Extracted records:
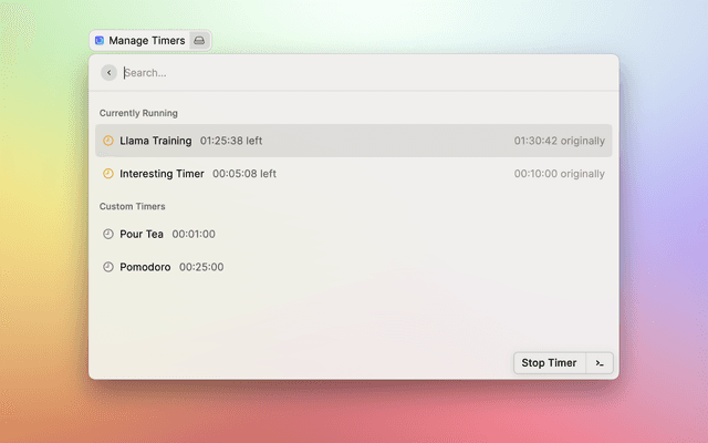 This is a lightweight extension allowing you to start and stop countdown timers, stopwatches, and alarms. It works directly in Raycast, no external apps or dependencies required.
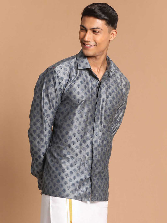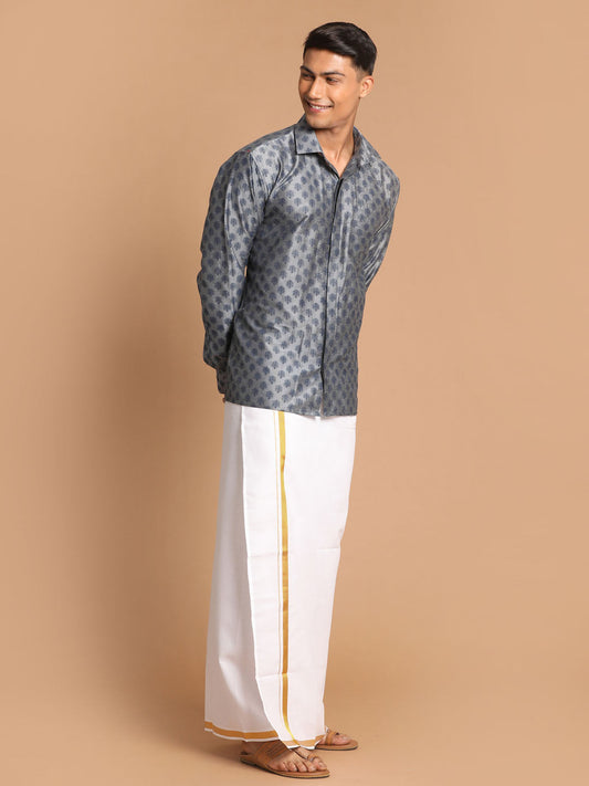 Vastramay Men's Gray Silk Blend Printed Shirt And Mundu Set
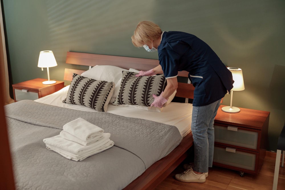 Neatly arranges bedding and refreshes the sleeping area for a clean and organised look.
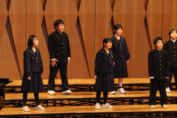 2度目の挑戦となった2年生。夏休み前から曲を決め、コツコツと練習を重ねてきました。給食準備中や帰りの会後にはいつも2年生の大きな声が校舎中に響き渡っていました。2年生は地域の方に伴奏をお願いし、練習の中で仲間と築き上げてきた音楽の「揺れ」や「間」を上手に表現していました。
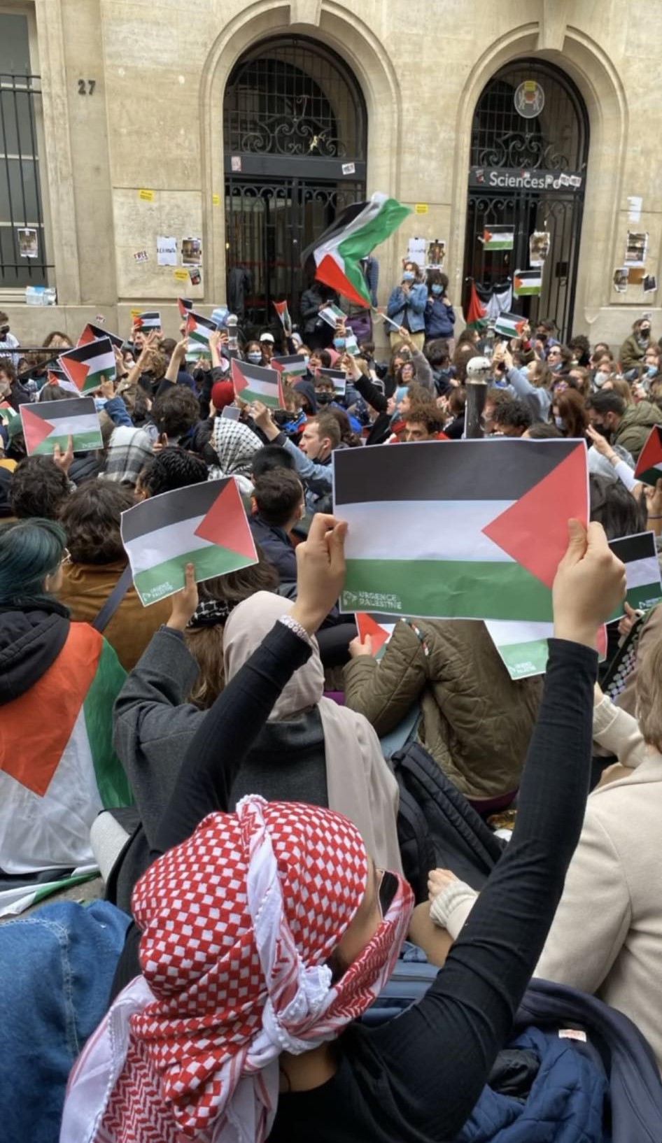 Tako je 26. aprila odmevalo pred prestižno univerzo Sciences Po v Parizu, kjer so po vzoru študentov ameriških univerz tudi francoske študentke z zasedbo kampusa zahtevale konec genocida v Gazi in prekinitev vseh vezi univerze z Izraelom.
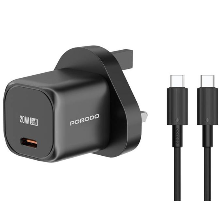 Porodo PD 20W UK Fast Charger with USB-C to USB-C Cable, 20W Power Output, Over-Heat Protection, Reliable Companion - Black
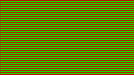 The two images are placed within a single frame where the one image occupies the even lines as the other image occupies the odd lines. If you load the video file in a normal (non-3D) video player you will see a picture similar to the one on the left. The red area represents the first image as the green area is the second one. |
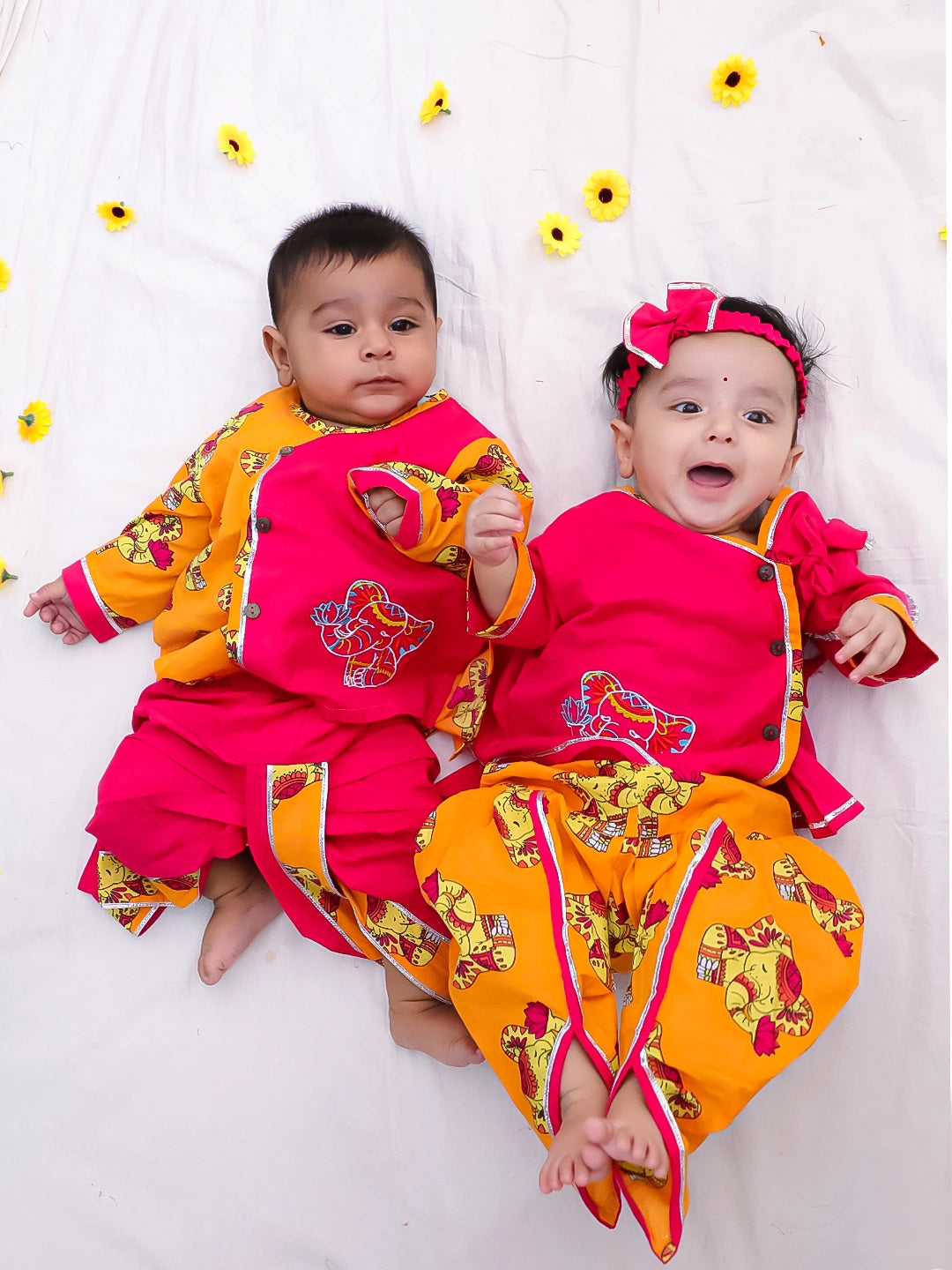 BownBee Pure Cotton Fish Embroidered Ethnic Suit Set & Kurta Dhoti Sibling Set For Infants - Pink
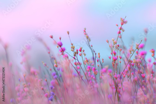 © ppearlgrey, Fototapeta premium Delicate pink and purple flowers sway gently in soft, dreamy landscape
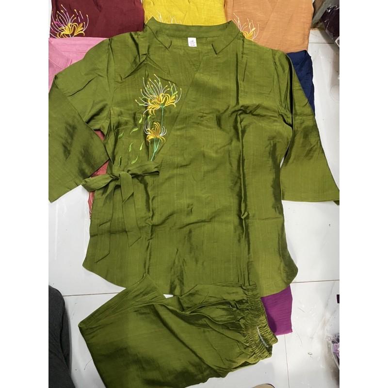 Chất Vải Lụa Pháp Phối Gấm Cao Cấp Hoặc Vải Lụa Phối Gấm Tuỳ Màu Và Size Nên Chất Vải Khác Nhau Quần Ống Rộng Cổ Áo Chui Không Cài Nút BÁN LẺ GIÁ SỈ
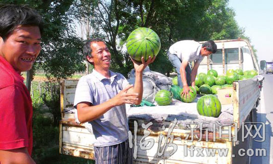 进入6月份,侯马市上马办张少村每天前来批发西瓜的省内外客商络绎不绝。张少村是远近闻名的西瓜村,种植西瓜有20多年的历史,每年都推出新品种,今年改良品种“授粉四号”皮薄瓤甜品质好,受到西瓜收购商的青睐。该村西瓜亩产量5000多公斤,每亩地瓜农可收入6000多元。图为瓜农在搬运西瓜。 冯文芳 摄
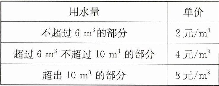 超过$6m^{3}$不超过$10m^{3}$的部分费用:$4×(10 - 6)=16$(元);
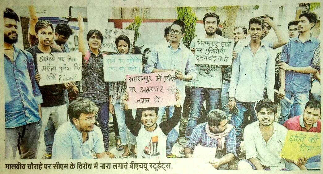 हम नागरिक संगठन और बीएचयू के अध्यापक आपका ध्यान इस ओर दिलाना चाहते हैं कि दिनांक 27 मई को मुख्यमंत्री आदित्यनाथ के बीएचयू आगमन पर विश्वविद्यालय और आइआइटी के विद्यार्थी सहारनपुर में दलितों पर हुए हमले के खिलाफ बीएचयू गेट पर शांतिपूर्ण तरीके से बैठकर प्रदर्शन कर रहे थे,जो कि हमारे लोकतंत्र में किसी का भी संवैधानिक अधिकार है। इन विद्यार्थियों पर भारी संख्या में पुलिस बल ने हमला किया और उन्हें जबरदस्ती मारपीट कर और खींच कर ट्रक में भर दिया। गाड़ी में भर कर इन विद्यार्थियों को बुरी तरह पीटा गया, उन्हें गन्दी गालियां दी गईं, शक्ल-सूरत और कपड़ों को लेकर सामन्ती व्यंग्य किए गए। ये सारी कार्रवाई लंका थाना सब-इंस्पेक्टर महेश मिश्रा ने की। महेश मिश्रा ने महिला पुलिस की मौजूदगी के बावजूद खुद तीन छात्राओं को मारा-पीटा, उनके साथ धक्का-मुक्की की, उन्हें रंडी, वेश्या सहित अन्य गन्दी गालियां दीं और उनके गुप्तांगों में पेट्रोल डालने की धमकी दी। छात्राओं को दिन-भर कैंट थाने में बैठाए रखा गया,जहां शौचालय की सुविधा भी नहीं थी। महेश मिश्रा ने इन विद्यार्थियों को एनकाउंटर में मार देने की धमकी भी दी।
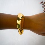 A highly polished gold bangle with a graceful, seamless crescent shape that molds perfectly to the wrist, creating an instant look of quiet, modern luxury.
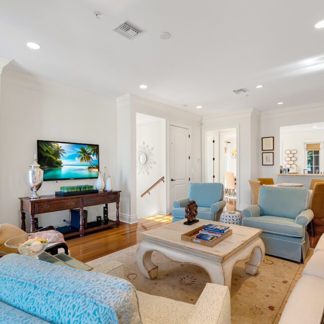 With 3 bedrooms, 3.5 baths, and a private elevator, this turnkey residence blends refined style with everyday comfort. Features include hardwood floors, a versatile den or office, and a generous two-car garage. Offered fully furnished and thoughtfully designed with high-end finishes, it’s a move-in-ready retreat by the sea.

◆ Work required:
From the first line of the records down through the line containing "Chất Vải Lụa", transcribe exactly those lines and no others, both ends kept, pictures dropped.

◆ Answer to this problem:
 This is a lightweight extension allowing you to start and stop countdown timers, stopwatches, and alarms. It works directly in Raycast, no external apps or dependencies required.
 Vastramay Men's Gray Silk Blend Printed Shirt And Mundu Set
 Neatly arranges bedding and refreshes the sleeping area for a clean and organised look.
 2度目の挑戦となった2年生。夏休み前から曲を決め、コツコツと練習を重ねてきました。給食準備中や帰りの会後にはいつも2年生の大きな声が校舎中に響き渡っていました。2年生は地域の方に伴奏をお願いし、練習の中で仲間と築き上げてきた音楽の「揺れ」や「間」を上手に表現していました。
 Tako je 26. aprila odmevalo pred prestižno univerzo Sciences Po v Parizu, kjer so po vzoru študentov ameriških univerz tudi francoske študentke z zasedbo kampusa zahtevale konec genocida v Gazi in prekinitev vseh vezi univerze z Izraelom.
 Porodo PD 20W UK Fast Charger with USB-C to USB-C Cable, 20W Power Output, Over-Heat Protection, Reliable Companion - Black
 The two images are placed within a single frame where the one image occupies the even lines as the other image occupies the odd lines. If you load the video file in a normal (non-3D) video player you will see a picture similar to the one on the left. The red area represents the first image as the green area is the second one. |
 BownBee Pure Cotton Fish Embroidered Ethnic Suit Set & Kurta Dhoti Sibling Set For Infants - Pink
 © ppearlgrey, Fototapeta premium Delicate pink and purple flowers sway gently in soft, dreamy landscape
 Chất Vải Lụa Pháp Phối Gấm Cao Cấp Hoặc Vải Lụa Phối Gấm Tuỳ Màu Và Size Nên Chất Vải Khác Nhau Quần Ống Rộng Cổ Áo Chui Không Cài Nút BÁN LẺ GIÁ SỈ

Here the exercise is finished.